Anyway, this occurred to me, and my inner-monologue immediately kicked in with its neurotic stream of chatter, mostly in the vein of: But I dreamed about my other books! If I don’t dream about Paper Valentine, does that mean I don’t love it as much as the other ones? I mean, I think I love it, it feels like I love it, but what if I’m wrong? I want to love my books! Why don’t I love this one enough to dream about it?
And then I said, “Shut up, neurotic inner monologue!”
(Just so we’re clear, I do not typically tell people to shut up. I think it’s rude. However, I tell my interior monologue to shut up all the time, because let’s be honest—she often needs to hear it.)
Now, here we come to the interesting part:
The dreams I had about my other books? The bright, vivid ones, that totally robbed me of restful sleep and also made me so unwaveringly sure that I loved those books?
I realized just now that I dreamed those dreams while I was revising. They were all dreams about problem-solving, refining, measuring the existing space for furniture and carpeting. (Metaphorically speaking. The House of Mayhem has no carpet.) They were not dreams that happened while I was busy inventing.
And that is really excellent, in a clear-cut, science-y way, because I love that I’ve discovered a pattern in myself. (Often, I am chaos theory on wheels. I am the butterfly effect. I am ill-defined. I am endless extrapolation.)
I love that I’ve accidentally defined a parameter and that my personal writing process has just become a little bit more demystified.
But not too demystified. Because of this realization, the process is now simultaneously less and more mysterious. Which is the hallmark of a thing that may in fact be unsolvable.
Which is good, because believe me—there is nothing I love more than a good unsolvable.
Do you dream about your stories? Do you remember your dreams?

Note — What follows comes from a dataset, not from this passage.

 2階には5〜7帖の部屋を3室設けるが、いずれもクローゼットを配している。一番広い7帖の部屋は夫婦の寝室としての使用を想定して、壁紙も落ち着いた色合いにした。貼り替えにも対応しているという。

If you usually dream about your stories, and then you don’t, do you have to slap your inner-monologue in the face and tell it to get ahold of itself?

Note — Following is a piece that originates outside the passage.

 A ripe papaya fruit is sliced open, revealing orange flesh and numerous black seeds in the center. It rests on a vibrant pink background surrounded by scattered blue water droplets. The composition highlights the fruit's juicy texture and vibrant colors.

(That last one might just be me.)
Oh man, walking around inside your book – that sounds amazing. Like an Alice in Wonderland experience. I admit I am jealous. I’d love to walk around in my book worlds!

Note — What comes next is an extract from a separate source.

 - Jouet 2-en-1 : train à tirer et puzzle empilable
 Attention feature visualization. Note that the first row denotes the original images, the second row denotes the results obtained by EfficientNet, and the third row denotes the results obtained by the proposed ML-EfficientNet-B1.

I used to have really vivid, frequent dreams, but when I hit 17, the dreams all turned into horrible nightmares – so many that I think I blocked myself from recalling dreams. I only remember about 2 or 3 a year, and usually only if they’re terrible ones. Lame.
And last, haha, I thought I was the only one who mentally slapped that inner-monologue. Usually the voices in my head are a good thing as I steal their stories. Sometimes I wonder if they’re a sign I’m just schitzo, especially when they’re being too paranoid for my personal taste. I am SO glad I’m not alone.
Wow. I would so love to have your dreams, Brenna! I have yet to dream of my stories after the fact, but I do have a few dreams that eventually becomes current projects.
I do have a few dreams that eventually becomes current projects
I have to say, my dirty little secret is that probably a good 1/4 of my Merry Fates started as dreams. Sometimes they make for good narrative arc! And sometimes they are just a mess . . .
I only remember about 2 or 3 a year, and usually only if they’re terrible ones
Yikes! I would miss my dreams incredibly if I stopped remembering them (I mean, I’m assuming that I would notice something like that—I was watching a documentary on dreams and people who stopped dreaming completely after head trauma. They knew something was wrong with their sleep, but most of them didn’t recognize what was missing until their doctors asked them if they still dreamed.)
The inner monologue can be very helpful, or very useless. Mine makes accurate, startling observations. And lacks all common sense.
I’m really not crazy…
I don’t usually dream about what I’m writing. I will often times use brain storming/imagination sessions of my stories to help me fall asleep. I usually remember what I was thinking about when I wake up, but not always.
I do usually remember my dreams. Especially the ones that hold emotion. Happiness, sadness… etc, etc. Some I remember for years.
I have several inner monologues that I quite often have to coax out of hiding. In high school I separated them out into different “personalities” that I would confer with on topics that no one else wanted to deal with. Meg; was the nice one. Beth; was the quiet one. Sally; was the slut (and might I say, my favorite) and Rubin; he was the mean one. No I don’t have a personality disorder, but it was just easier to section out my emotions than just to deal with them… Anyway. I still think of them as such so when the inner monologue-ing gets going I know who I’m talking to and I know how to deal with them.
Re: I’m really not crazy…
I have dreams that I’ve remembered for years too. Sometimes, even dreams from when I was little.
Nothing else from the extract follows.